University’s original charter on display following restoration, conservation work

The original charter of the first state university will be displayed Jan. 27 following restoration and conservation work. The document, originally signed in Savannah in 1785, will be exhibited in observance of Founders’ Day in the main library’s Hargrett Rare Book and Manuscript Library from 8:15 a.m. to 4:45 p.m. An overview display will be on view in the lobby of the Main Library, and a Web site created by University Archives (www.libs.uga.edu/hargrett/archives/charter2.html) recounts the charter’s history. The Web site also offers images of the document’s two pages, a transcript and a 1951 history, reprinted courtesy of The Georgia Review.

Due to its fragile condition, the charter rarely leaves the vault in the rare book library. In the late 1990s, a request to display the charter in Savannah was presented to the Hargrett’s director, Mary Ellen Brooks. When the local alumni saw its condition, they began a fund-raising drive for its conservation.
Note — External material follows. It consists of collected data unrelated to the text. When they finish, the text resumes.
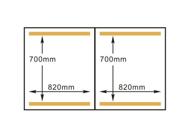 เครื่องซีลสูญญากาศ แบบอุตสาหกรรม ฝาสวิง โดยมีห้องซีล จำนวน 2 ห้อง และมีแถบซีล 4 แถบ แถบละ 820 มม. หรือ 82 ซม.
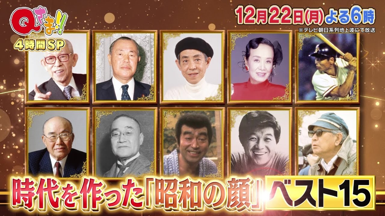 今夜のQさま!!は…昭和100年総決算!国民5万人が選ぶ!時代を作った「昭和の顔」ランキングBEST15!プレッシャーSTUDYも復活!豪華4時間SP
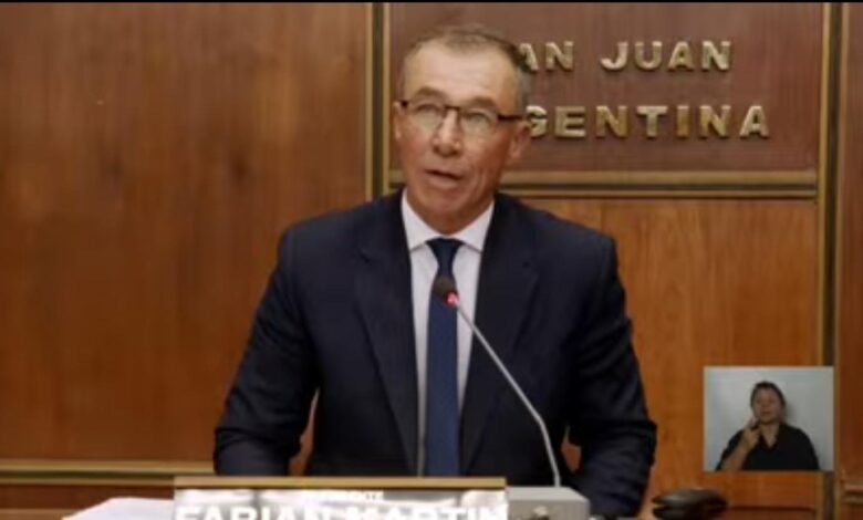 El flamante Vicegobernador Fabián Martín acaba de dar su primer discurso desde la presidencia de la Cámara de Diputados de San Juan. En su mensaje pidió transitar unidos el nuevo camino que emprende la provincia, para que, en consonancia con lo expresado por el Presidente Milei, el país salga de la difícil situación en la que se halla. Además solicitó dejar los egoísmos de lado y los intereses partidarios para anteponer el bienestar de los habitantes del suelo sanjuanino. Cerró su discurso con sentidos agradecimientos a su familia y a sus amigos, entre los que destacó a Roberto Basualdo y al electo Gobernador Marcelo Orrego. Destacó además la presencia del saliente Diputado Nacional José Luis Gioja que asistió a la ceremonia y se ubicó sentado justo al lado de Basualdo.
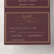 Set on a deep burgundy background with subtle gold accents and elegant serif typography, this all-in-one invitation blends traditional sophistication with modern convenience.
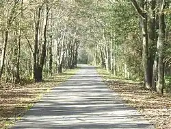 The City of Jacksonville purchased an unused east/west former Atlantic Coast Line Railroad[1] corridor from CSX Transportation Inc. in December 1992, in conjunction with the Florida Greenways and Trails Program and with approval of the Florida Department of Environmental Protection.[2] The railroad line was originally part of the former Jacksonville and Southwestern Railroad. The trail runs from Jacksonville’s Imeson Road to Brandy Branch Road near Baldwin for a distance of approximately 14.5-mile (23.3 km). It is 100-foot (30 m) wide, with a 12-foot (3.7 m) asphalt thoroughfare suitable for nonmotorized wheeled conveyances, such as bicycles and wheelchairs.
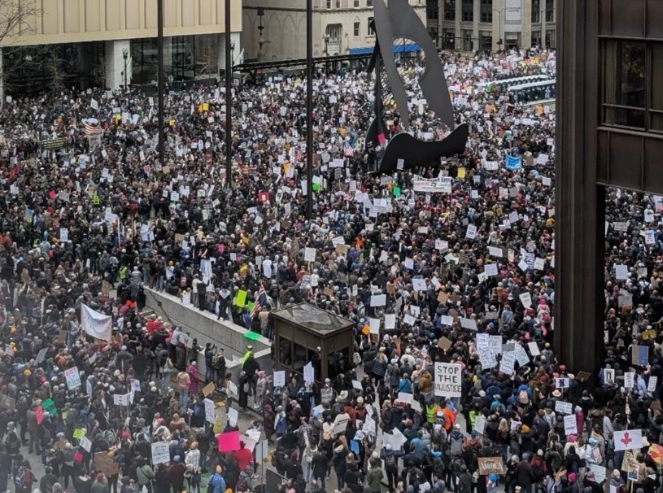 在曼哈頓的第五大道上,抗議隊伍延伸了近20個街區;在西雅圖,抗議者們舉着寫有“反對寡頭統治”等標語的牌子傾瀉着對特朗普的不滿;在芝加哥,數千人湧入戴利廣場和相鄰街道;在亞特蘭大,警方估計遊行前往州議會大廈的人數超過2萬人。
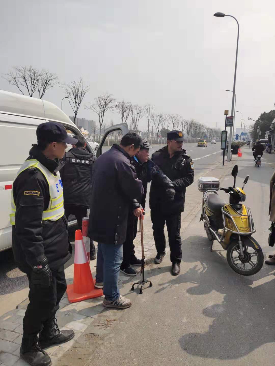 3月4日12:20左右,宗保駐三林市容隊(duì)員鄭全、李思昌巡邏至板泉路時,發(fā)現(xiàn)一名70多歲的老人躺在地上。小李立馬上前將老大爺扶起,并詢問老人情況。老大爺說自己是腦梗病發(fā)作,腿不能動而跌倒。小鄭和小李了解情況后,詢問老人是否需要送醫(yī)院,但老人拒絕去醫(yī)院。小李馬上幫忙聯(lián)系其家人。不一會兒,家屬騎著電瓶車來了。隊(duì)員考慮老人不能坐電瓶車,就安排車輛把老人送到家里。
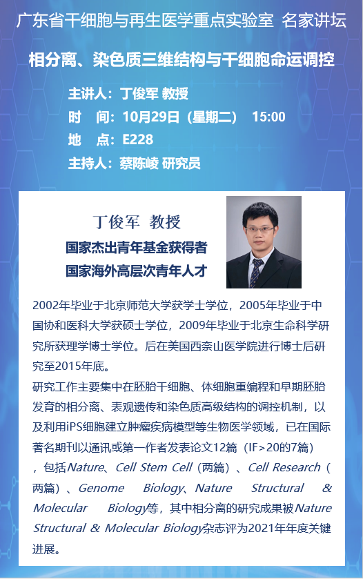 2024年10月29日廣東省干細(xì)胞與再生醫(yī)學(xué)重點(diǎn)實(shí)驗(yàn)室名家講壇:相分離、染色質(zhì)三維結(jié)構(gòu)與干細(xì)胞命運(yùn)調(diào)控
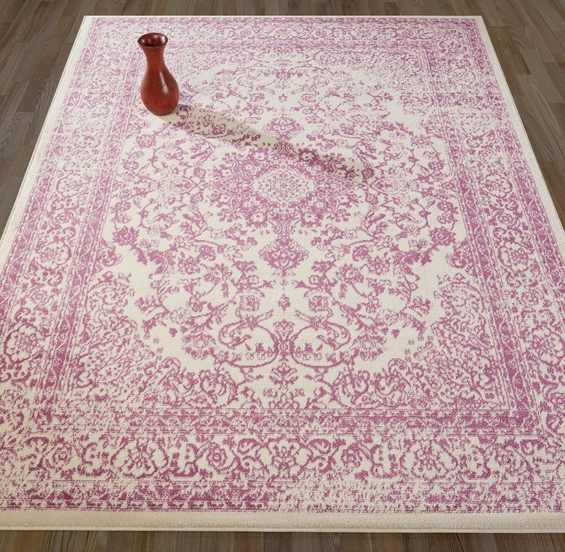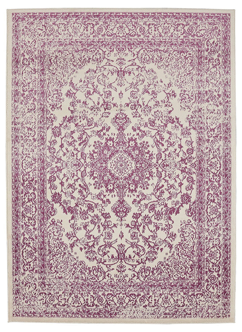 • Orientalisches Design: Ein kunstvoller Läufer in Elfenbein und Lila für einen luxuriösen Look.
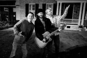 In this lively black-and-white photograph, three friends showcase their camaraderie and joy on a quiet street. With one strumming a guitar and the others playfully posing, they create a warm, upbeat atmosphere enhanced by the soft outdoor lighting. The composition captures their expressions—excitement and spontaneity—all against an intimate nighttime backdrop, evoking a sense of nostalgia and connection.
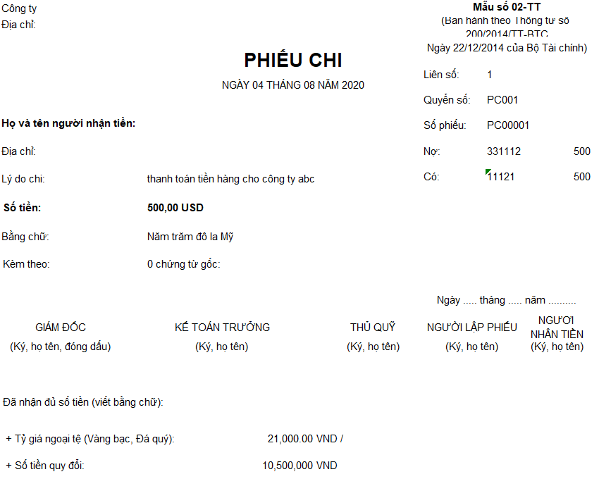 Phiếu chi là một chứng từ quan trọng trong công tác kế toán của doanh nghiệp, giúp ghi nhận, kiểm soát các khoản chi ra một cách minh bạch và đầy đủ. Hiện nay, việc lập và sử dụng phiếu chi cần tuân thủ quy định tại Thông tư 200/2014/TT-BTC do Bộ Tài chính ban hành, nhằm đảm bảo tính hợp pháp cũng như thuận tiện cho công tác kế toán, kiểm toán. Bài viết dưới đây sẽ giúp bạn hiểu rõ về phiếu chi theo Thông tư 200, từ mẫu phiếu, cách lập, đến các quy định, và hướng dẫn tải mẫu phiếu chi mới nhất theo đúng quy định hiện hành.

Before finding a home at the UGA Libraries, the charter had been stored with other state papers and not treated reverentially.

“Prior to that time, its importance had not been recognized,” wrote John Olin Eidson, editor of the Georgia Review, in 1951. “It bears evidences of having been crumpled, soiled and wetted.”

The manuscript has now been cleaned and encapsulated in buffered film.

“They [the Northeast Document Conservation Center] adhere to the principles of historic and artistic conservation practices-to be minimalist in how you alter a document,” Brooks says. “It doesn’t look like a new document, but it is, in fact, conserved.”